Амбивалентность

      Железная ограда, выкрашенная в чёрный цвет, поросла плющем. Её изящные, металлические завитушки были подернуты ржавчиной, а место, которое охраняла ограда, заросло травой. Высокой травой, жесткой осокой, и лишь покосившийся крест с облупившейся краской и имя на надгробии из серого мрамора с зеленоватыми вкрапинками давали мне понять, что я нашёл то, что искал. Я тронул калитку и она медленно, со скрипом отворилась. От этого неестественного и такого громкого звука, здесь, на кладбище, с соседних могил повзлетали грачи, вороны и воробьи.

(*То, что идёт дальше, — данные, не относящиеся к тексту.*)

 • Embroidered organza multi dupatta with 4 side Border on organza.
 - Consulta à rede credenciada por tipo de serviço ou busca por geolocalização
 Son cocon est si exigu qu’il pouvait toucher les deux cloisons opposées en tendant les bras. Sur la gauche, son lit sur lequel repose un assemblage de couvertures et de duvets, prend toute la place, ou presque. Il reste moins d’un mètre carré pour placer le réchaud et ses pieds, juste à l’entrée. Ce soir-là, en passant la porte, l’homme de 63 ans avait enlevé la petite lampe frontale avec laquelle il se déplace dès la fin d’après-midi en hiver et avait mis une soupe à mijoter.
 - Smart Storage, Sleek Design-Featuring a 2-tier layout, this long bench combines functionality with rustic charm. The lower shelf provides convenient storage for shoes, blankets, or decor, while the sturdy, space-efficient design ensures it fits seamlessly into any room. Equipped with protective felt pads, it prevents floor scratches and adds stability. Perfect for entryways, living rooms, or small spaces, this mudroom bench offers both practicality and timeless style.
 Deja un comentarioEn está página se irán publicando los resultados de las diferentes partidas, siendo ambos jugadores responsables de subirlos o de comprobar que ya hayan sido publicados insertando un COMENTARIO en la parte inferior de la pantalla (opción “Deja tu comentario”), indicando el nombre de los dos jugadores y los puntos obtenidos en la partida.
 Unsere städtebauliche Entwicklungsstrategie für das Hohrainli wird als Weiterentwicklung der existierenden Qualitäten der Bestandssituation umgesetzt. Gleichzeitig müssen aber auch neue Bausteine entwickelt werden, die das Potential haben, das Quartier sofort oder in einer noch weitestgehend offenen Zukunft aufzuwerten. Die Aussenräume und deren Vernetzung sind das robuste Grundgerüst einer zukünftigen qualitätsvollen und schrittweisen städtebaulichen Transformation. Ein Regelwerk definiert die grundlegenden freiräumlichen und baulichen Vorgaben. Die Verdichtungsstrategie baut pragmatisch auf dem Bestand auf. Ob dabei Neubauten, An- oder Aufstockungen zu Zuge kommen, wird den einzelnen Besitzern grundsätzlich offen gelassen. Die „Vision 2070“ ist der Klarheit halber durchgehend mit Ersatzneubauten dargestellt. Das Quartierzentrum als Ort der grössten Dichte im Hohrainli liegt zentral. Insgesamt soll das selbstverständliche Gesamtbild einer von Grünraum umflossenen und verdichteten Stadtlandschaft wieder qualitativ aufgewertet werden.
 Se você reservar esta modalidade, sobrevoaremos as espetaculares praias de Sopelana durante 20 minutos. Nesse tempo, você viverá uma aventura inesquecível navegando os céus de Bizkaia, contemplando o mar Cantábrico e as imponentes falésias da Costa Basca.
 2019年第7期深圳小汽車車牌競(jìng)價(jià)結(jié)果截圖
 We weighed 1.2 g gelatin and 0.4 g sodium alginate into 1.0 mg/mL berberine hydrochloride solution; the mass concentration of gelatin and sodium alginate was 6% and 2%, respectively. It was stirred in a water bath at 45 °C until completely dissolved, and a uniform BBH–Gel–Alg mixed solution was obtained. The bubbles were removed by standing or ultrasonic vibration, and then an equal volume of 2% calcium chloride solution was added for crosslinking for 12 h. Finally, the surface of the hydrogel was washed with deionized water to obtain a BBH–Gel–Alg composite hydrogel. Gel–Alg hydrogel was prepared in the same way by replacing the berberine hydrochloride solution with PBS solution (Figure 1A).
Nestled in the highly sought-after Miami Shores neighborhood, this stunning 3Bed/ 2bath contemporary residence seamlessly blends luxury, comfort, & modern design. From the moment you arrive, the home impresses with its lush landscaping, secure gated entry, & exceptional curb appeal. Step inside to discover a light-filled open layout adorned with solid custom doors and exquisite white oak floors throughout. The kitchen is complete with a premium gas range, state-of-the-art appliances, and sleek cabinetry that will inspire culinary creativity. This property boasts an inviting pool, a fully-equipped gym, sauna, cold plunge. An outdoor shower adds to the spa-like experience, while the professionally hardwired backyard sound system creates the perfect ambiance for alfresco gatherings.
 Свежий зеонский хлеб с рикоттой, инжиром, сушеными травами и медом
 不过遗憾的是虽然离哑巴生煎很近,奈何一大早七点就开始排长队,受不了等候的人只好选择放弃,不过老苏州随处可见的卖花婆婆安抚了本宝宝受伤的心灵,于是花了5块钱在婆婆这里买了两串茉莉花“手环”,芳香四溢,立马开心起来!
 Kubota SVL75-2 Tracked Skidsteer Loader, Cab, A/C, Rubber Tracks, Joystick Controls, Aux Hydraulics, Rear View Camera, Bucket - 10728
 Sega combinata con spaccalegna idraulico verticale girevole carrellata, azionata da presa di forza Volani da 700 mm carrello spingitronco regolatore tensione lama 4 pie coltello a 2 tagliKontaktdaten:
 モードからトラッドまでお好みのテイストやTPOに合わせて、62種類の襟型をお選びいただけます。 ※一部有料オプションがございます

Птицы - частые здесь гости, они клюют остатки пищи, хлеба, конфет и яиц, что приносят прихожане к могилам своих близких людей. Я поежился от шума крыльев и даже сейчас мне казалось, что и они каркают, обвиняя меня.

      Я осторожно коснулся креста. Бабочки взлетели с небольшого холмика, в котором сквозь небольшую посыпку песка проросли дикие, полевые цветы. Было видно, что за могилой давно никто не ухаживал, но следы человеческой заботы ещё можно было разглядеть. Это неудивительно - её старая мать редко могла позволять себе поездки из дома, тем более, заниматься тяжелым физическим и моральным трудом - вырывать сорняки, красить забор; она была слаба, а тут ещё - глаза её дочери. Смотрят из под земли.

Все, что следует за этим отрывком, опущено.